Researcher: High Transition Costs For States Switching From DB to DC Plans Are a “Myth”

flying moneyAnthony Randazzo, director of economic research for the Reason Foundation, recently sat down with CapCon to talk about the concept of a state switching from a defined-benefit system to a defined-contribution system.

Disclosure: the Reason Foundation is a libertarian-leaning research organization.

Randazzo has published research in the past claiming that the “transition costs” of switching from a DB to a DC plan are largely a myth – and he expanded on that view in the interview.

From Michigan Capitol Confidential:

Michigan Capitol Confidential: You argue that these “transition costs” are a myth. What’s the basis for that myth?

Randazzo: The myth is based on two mistaken assumptions that certain steps need to be taken when switching from a defined-benefit system to a defined-contribution system. They are:

(1) That government must start making bigger debt payments to the defined-benefit system after it is closed.

(2) That a defined-benefit system needs new members in order to keep it solvent.

Neither of these assumptions are true. Regarding the first mistaken assumption; it might be recommended that a government increase the size of its debt payments after the system has been closed in order to pay off the debt sooner, but there is no legal requirement that it do so.
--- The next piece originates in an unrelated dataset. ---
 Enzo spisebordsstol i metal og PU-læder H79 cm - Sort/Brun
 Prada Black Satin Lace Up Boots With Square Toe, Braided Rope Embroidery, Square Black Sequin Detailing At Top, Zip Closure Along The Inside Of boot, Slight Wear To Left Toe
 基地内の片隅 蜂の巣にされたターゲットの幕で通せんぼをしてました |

Regarding the second mistaken assumption, defined-benefit systems are supposed to be fully funded on a yearly basis by employer and employee contributions plus investment earnings. These systems are not based on new workers subsidizing older workers.
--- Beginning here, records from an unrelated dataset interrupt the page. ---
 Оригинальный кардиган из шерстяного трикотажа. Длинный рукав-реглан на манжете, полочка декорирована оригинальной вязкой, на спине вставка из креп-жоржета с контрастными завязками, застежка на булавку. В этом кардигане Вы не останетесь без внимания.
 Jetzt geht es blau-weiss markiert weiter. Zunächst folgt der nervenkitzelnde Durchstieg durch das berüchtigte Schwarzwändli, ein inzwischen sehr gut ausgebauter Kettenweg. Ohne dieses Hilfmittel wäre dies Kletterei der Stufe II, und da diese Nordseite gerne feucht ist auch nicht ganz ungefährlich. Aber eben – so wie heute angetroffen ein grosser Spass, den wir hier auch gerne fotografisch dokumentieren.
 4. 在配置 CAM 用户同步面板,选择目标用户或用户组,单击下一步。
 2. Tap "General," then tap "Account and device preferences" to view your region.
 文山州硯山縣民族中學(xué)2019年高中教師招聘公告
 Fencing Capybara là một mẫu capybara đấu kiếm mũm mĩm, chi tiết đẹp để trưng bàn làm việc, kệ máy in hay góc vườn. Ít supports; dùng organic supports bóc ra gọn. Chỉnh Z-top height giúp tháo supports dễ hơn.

Michigan Capitol Confidential: So we have this disagreement between independent pension experts and individuals with an interest in the current systems. What’s at the core of this disagreement?

Randazzo: I think it is a disagreement between philosophies. It’s true that a defined-benefit system could be changed to a defined-contribution system that would be more expensive. But to prevent this, all you would have to do is put in a defined-contribution rate that ensures lower costs. Therefore, if the defined-contribution system – that’s put in place to try to solve a growing debt problem being created by a defined-benefit system – ends up costing too much, to me, that’s not a transition cost, it’s just the result of a bad policy decision.

[…]

Michigan Capitol Confidential: And you would argue that switching to a defined-contribution pension system would do away with most of the guesswork.

Randazzo: A defined-contribution system is 100 percent more transparent than a defined-benefit system because it requires zero actuarial assumptions about the future, and zero backroom negotiations with pension boards and union members. The costs of a defined-contribution system are clear every year: it is simply whatever the government body has chosen to be the contribution rate to each employee’s retirement account. The cost is known each year, and taxpayers don’t have to worry about whether investment returns will equal assumptions, or whether people will wind up living longer than expected and costing the system more money than it has projected pensions to cost.